AIM OF THE TASK:
Give again only the lines from the line that holds "Un faire-part de" to the end of the data, inclusive, omitting all pictures.

*** DATASET EXTRACT ***

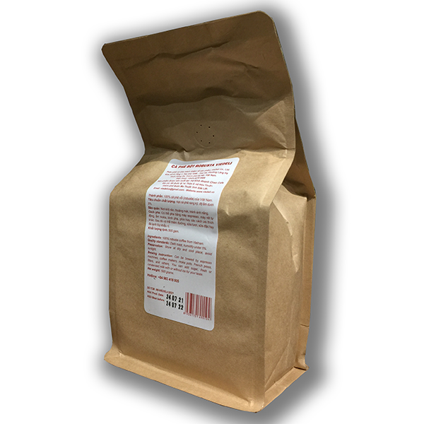 Quy cách đóng gói: Túi zipper chuyên dụng có van thoát khí một chiều theo tiêu chuẩn cà phê đặc sản rang xay quốc tế.
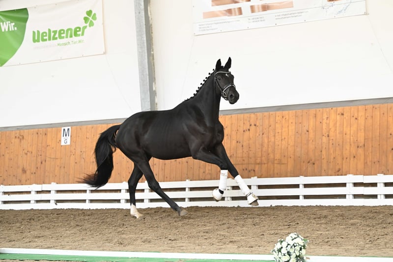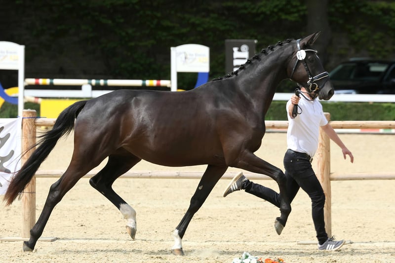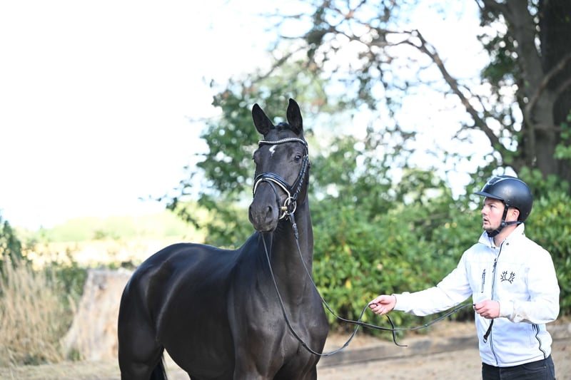 In ihrer großlinigen und vornehmen Silhouette besticht diese exquisite und unter Dressuraspekten hochklassig gezogene Diva durch Kadenz und Leichtfüßigkeit ihrer Bewegungen – ganz nach dem Muster ihrer als ZSE-Siegerstute dekorierten Mutter, die Platzierungen in M-Dressurprüfungen errang und mit dem Ib-Preis der Sportklasse, Abt. 2 anlässlich der diesjährigen Trakehner undesstutenschau ausgezeichnet wurde. Der kostbare mütterliche Stamm aus traditionsreichen ostpreußischen Wurzeln wird seit Generationen im Hause Wassermann-Gut Halstenberg gepflegt und brachte unter anderem den auf der Grand Prix-Bühne erfolgreichen Reservesieger Saint Cloud (Karin Rehbein) sowie die hochgeachteten Vererber Sigurd (USA), Siegbert und Sir Chamberlain hervor. Die Stute wird anlässlich des Trakehner Hengstmarktes am 28.112025 bei einer Auktion versteigert, alle Informationen finden Sie unter: https://bid.trakehner.auction/auctions
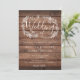 Un faire-part de mariage rustique avec une délicate guirlande à fleurs rustiques dessinée à la main, feuillage de feuilles botaniques, typographie stylisée, sur un arrière - plan de bois rustique. Personnalisez avec vos informations spéciales pour le jour de mariage. Conçu par Thisisnotme©
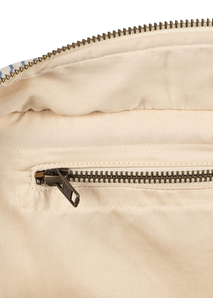 Stor vatteret toilettaske med ét stort rum og en lille indvendig lomme. Toilettasken har blød polstring, så indholdet kan opbevares sikkert. Lukkes med lynlås.

***

SOLUTION FOR THIS EXERCISE:
 Un faire-part de mariage rustique avec une délicate guirlande à fleurs rustiques dessinée à la main, feuillage de feuilles botaniques, typographie stylisée, sur un arrière - plan de bois rustique. Personnalisez avec vos informations spéciales pour le jour de mariage. Conçu par Thisisnotme©
 Stor vatteret toilettaske med ét stort rum og en lille indvendig lomme. Toilettasken har blød polstring, så indholdet kan opbevares sikkert. Lukkes med lynlås.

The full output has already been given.